From here...http://maq.sourceforge.net/qual.shtml

**Farhat** · 05-21-2008, 12:19 PM

Thanks for the information, I will check it out. In the meantime I got a working script from the Sanger Center to do the conversion.

**ECO** · 05-21-2008, 01:53 PM

If you have permission, post it!

**Farhat** · 05-23-2008, 06:56 AM

Originally posted by ECO View Post

If you have permission, post it!

Sure.

There seems to be some problem with my posting it. I have tried several times since yesterday but I get a server unavailable message every time.
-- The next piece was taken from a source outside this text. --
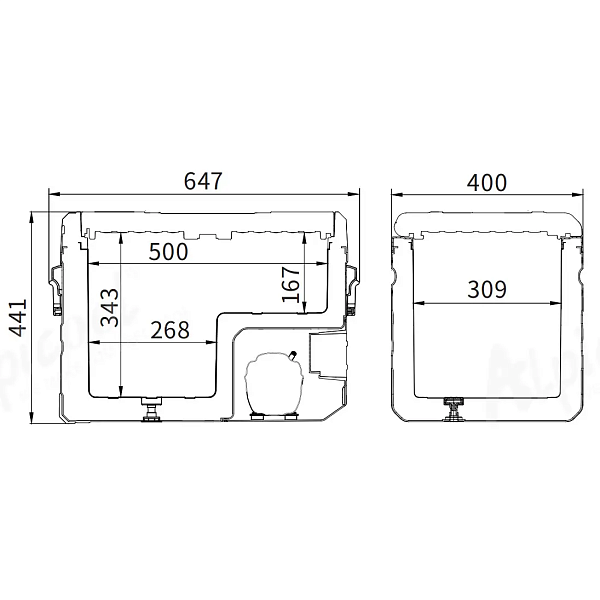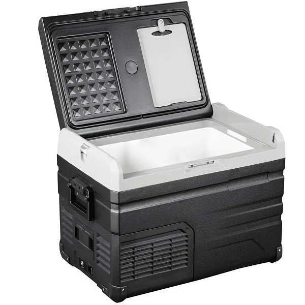Alpicool TS40 (12/24) рассчитан на использование в дороге. Его корпус изготовлен из прочного пластика, устойчивого к ударам, вибрации и солнечному нагреву. Боковые ручки облегчают переноску даже при полной загрузке. Крышка закрывается плотно и не болтается при движении. Для вашего удобства внутри камеры — две корзины для хранения продуктов.

Service Temporarily Unavailable

The server is temporarily unable to service your request due to maintenance downtime or capacity problems. Please try again later.

**ECO** · 05-23-2008, 07:05 AM

Hi Farhat,

There is a bug in vBulletin and/or my server configuration that crops up with some characters. Try putting it within [ code ] [ / code ] tags before posting it, otherwise you can email it to me. I will PM my email address.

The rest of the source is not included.